Пламен грустно посмотрел на свою бывшую жену.
— Рейчел, мы могли бы начать все с начала.
— Нет, не могли бы, — строгим голосом ответила Рейчел.
Пламен через решетку протянул ей цветы и глубоко, грустно вздохнул.
— Это неправильно, — грустно сказал он.
— У меня все неправильно, — тихо ответила Рейчел.
— Рейчел, — сказал Пламен Комаровски, облокотившись на решетку. — Мы могли бы все с начала…
— Пламен, прошу тебя, не мучь меня, — ответила Рейчел. — Во всем виновата я. Уходи, прошу тебя.
Пламен Комаровски грустно поплелся обратно, Рейчел потеребила цветы и подошла к Дмитрию Янову. Они оба зашли в Охранный домик, Дмитрий закрыл за собой дверь.
— Дмитрий, — сказала Рейчел. — Благодарю тебя за выдержку.
— Да не за что Рейчел, — ответил Дмитрий и утер пот со лба.
— Это невыносимо, понимать, что ты отец моей дочери,… а мой бывший думает, что он отец.
— Меня мучает только одно, то, что я не могу сказать Леон правду, что я папа.
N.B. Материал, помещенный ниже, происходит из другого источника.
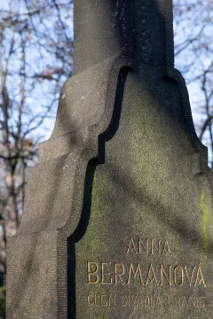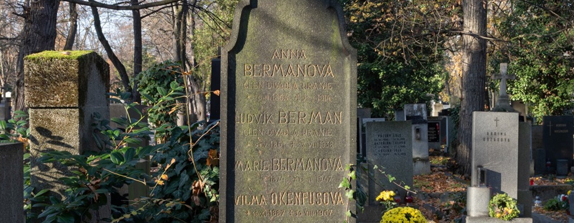 Tato hrobka je ryze herecká. Spočívají zde herečka Anna Bermanová Suková (1863--1914) a herec Ludvík Berman (1861--1938), kteří působili v divadle v Plzni a na scéně divadla Uranie. Anna byla sestrou herce, režiséra a ředitele několika divadel Viléma Josefa Suka, jehož dcera, herečka Anna Suková (1879--1905) je zde také pohřbena. Hrobka je rovněž místem posledního odpočinku Hedy Bulejkové Markové (1906--1960), divadelní a filmové herečky, která se narodila do rodiny režiséra Vladimíra Marka a operetní herečky Věry Skalské. Na brněnské konzervatoři absolvovala obor hry na harfu a později vystupovala v pražských divadlech Uranie, v Tylově divadle, Divadle Vlasty Buriana a kočovných společnostech. Spolu se svým manželem, hercem Štěpánem Bulejkem (1914--1976) se po období stráveném mimo metropoli vrátili do Městských divadel pražských. Hrála například ve filmech Neznámá kráska, Májové hvězdy, O medvědu Ondřejovi nebo Probuzení.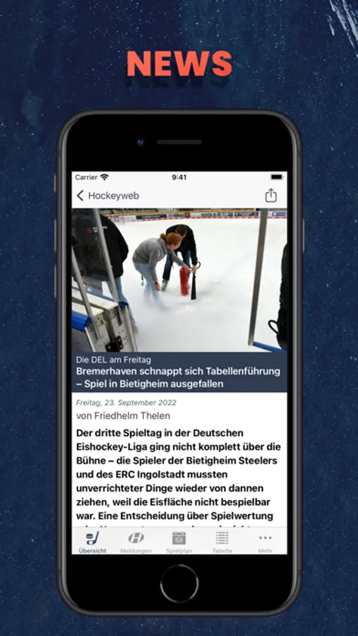 „Hockeyweb - die Eishockey App“ ist die Anwendung für das beliebte Eishockeyportal Hockeyweb.de.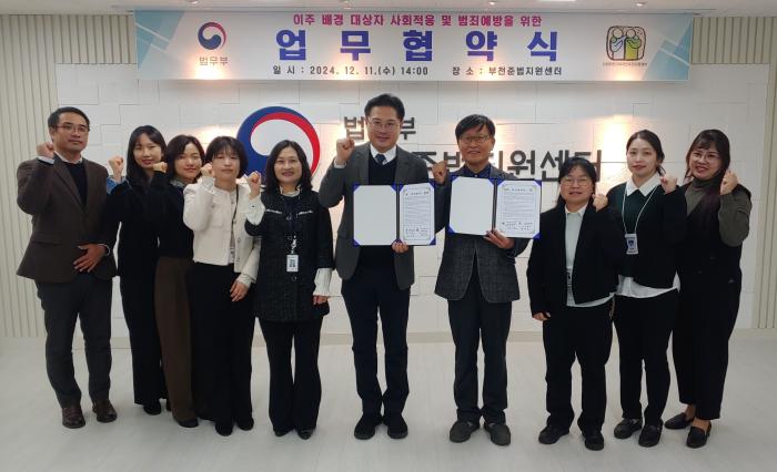 부천시 외국인주민지원센터(센터장 백선기)는 지난 11일 부천준법지원센터(소장 윤현봉)와 지역사회 이주배경 대상자의 안정적인 사회 적응과 준법의식 함양을 위해 상호협력체계 구축을 위한 업무협약을 체결했다.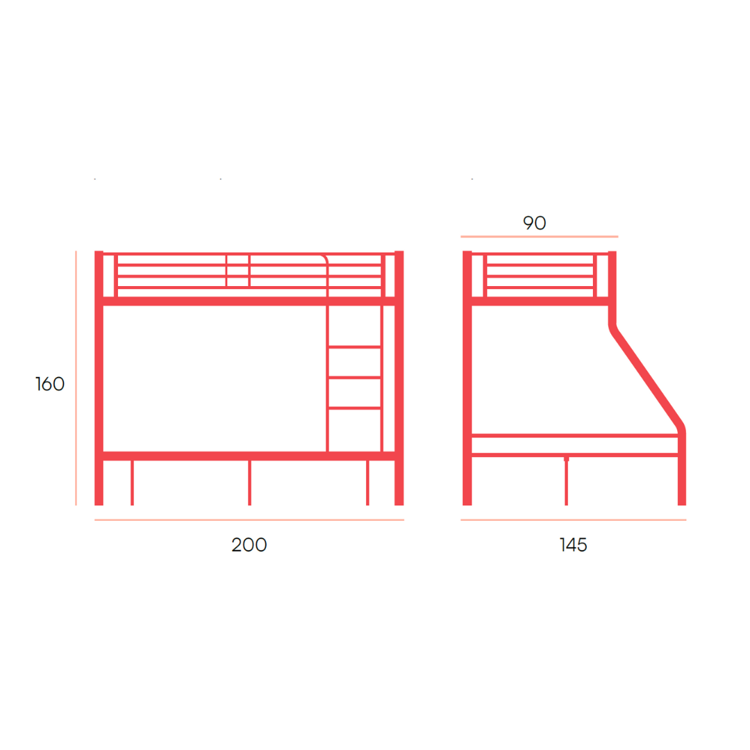 Su estructura permite montar la escalera y el quitamiedos tanto a la derecha como a la izquierda, adaptándose perfectamente a cualquier distribución del cuarto. Una opción práctica, segura y con estilo para aprovechar cada rincón del dormitorio.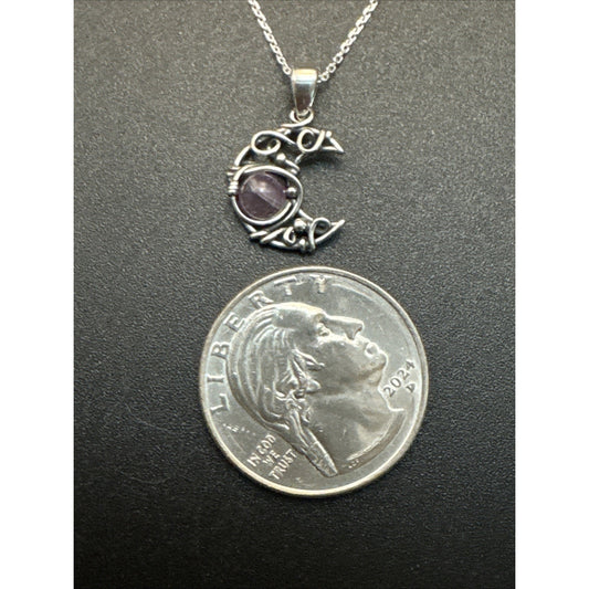 18” New Condition Sterling Silver Amethyst Crescent Moon Pendant Necklace

Настоящий. Сколько уже живу, Леон уже пятнадцать лет. Я не могу ей этого сказать. Это мучительно.
— Это я автор всей этой сволочной ситуации, — сказала Рейчел взяв его за руку. — Это я все это устроила, гореть мне в аду.
— Не осуждай себя, — ответил Дмитрий.
— Дмитрий, — Рейчел не выдержала и заплакала. — Дмитрий, ты понимаешь, что у меня очень ортодоксальные родственники. Они фактически заставили меня выйти замуж за знатного чистокровного еврея Микаэля Леви…
— Рейчел пожалуйста, — Дмитрий обнял ее и нежно прижал к себе. — Я все понимаю, я не дурак.
— Дмитрий, что мне делать? Если кто-то узнает, что не он отец моей дочери, мне конец. Если они узнают, что отец Леон не еврей.
— Никто не узнает Рейчел. Это наша с тобой тайна.
Рейчел посмотрела на него и прижалась еще сильнее.
— Мне страшно, если кто-то узнает.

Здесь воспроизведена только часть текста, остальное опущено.